### [THE DATA]
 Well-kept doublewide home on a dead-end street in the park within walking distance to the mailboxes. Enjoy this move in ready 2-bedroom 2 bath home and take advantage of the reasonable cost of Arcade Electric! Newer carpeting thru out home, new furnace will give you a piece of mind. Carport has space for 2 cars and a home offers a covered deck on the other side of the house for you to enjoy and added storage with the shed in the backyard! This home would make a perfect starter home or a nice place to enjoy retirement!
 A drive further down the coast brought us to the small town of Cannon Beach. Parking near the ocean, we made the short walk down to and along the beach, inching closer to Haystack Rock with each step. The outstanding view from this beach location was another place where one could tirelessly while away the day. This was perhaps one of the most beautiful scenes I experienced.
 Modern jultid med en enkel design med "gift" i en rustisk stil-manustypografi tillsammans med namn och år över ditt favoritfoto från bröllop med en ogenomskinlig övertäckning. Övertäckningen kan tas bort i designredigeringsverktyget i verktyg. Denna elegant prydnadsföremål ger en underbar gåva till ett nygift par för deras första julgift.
--
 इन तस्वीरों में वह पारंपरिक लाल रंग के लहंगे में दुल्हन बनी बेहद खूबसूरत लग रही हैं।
--
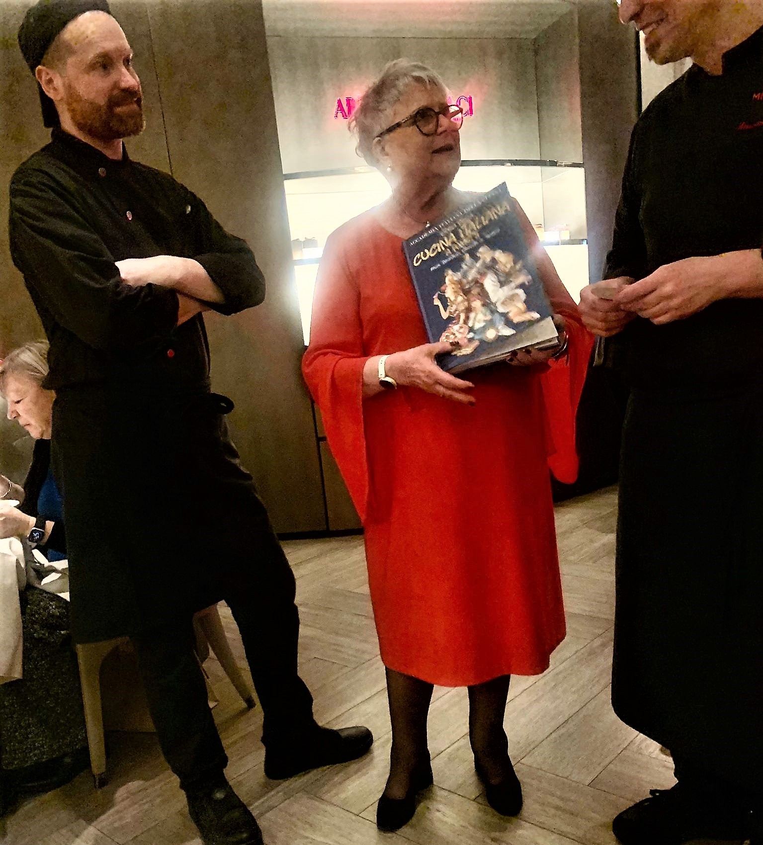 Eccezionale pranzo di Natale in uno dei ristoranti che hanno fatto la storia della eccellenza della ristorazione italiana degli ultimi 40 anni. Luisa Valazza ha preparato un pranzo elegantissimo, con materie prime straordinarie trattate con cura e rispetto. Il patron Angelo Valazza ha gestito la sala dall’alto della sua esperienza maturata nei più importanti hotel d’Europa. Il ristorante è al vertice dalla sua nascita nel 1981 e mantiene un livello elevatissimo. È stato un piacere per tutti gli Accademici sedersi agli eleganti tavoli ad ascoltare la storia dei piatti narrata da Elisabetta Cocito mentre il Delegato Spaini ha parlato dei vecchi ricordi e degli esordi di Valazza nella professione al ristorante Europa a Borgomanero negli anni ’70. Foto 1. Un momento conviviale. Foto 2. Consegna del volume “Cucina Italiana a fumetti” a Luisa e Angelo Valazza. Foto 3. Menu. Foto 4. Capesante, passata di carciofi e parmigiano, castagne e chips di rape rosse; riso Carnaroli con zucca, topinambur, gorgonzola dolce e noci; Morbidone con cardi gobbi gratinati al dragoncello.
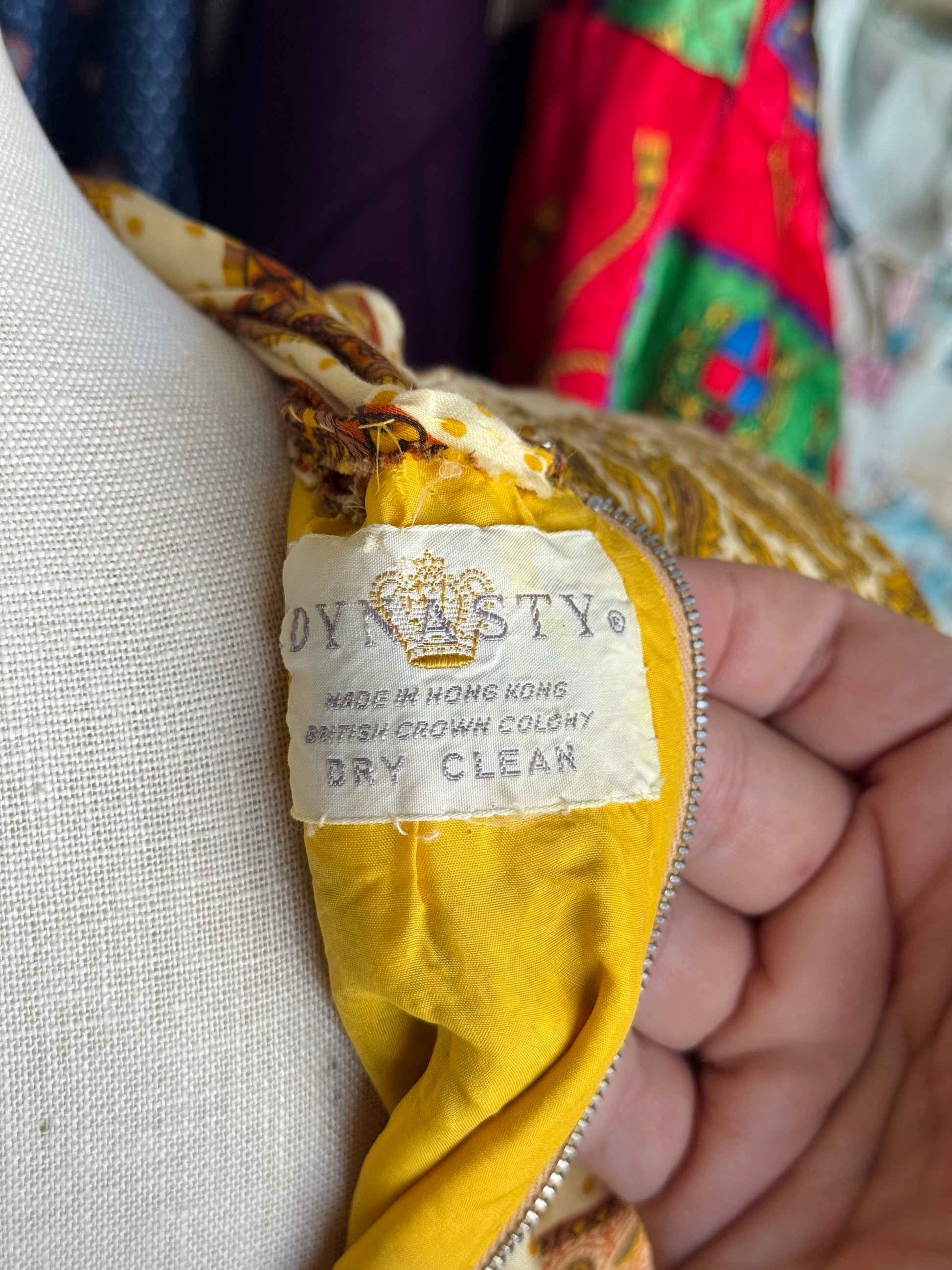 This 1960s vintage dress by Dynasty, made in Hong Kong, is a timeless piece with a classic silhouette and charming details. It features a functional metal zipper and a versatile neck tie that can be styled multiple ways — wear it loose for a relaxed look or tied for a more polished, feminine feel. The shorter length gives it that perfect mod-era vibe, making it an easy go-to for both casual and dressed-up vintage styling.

### [WHAT YOU HAVE TO DO]
Would you copy out exactly the lines above that start at the one containing "Well-kept doublewide home" and end at the one containing "Modern jultid med", inclusive?

### [SOLUTION FOR THIS TASK]
 Well-kept doublewide home on a dead-end street in the park within walking distance to the mailboxes. Enjoy this move in ready 2-bedroom 2 bath home and take advantage of the reasonable cost of Arcade Electric! Newer carpeting thru out home, new furnace will give you a piece of mind. Carport has space for 2 cars and a home offers a covered deck on the other side of the house for you to enjoy and added storage with the shed in the backyard! This home would make a perfect starter home or a nice place to enjoy retirement!
 A drive further down the coast brought us to the small town of Cannon Beach. Parking near the ocean, we made the short walk down to and along the beach, inching closer to Haystack Rock with each step. The outstanding view from this beach location was another place where one could tirelessly while away the day. This was perhaps one of the most beautiful scenes I experienced.
 Modern jultid med en enkel design med "gift" i en rustisk stil-manustypografi tillsammans med namn och år över ditt favoritfoto från bröllop med en ogenomskinlig övertäckning. Övertäckningen kan tas bort i designredigeringsverktyget i verktyg. Denna elegant prydnadsföremål ger en underbar gåva till ett nygift par för deras första julgift.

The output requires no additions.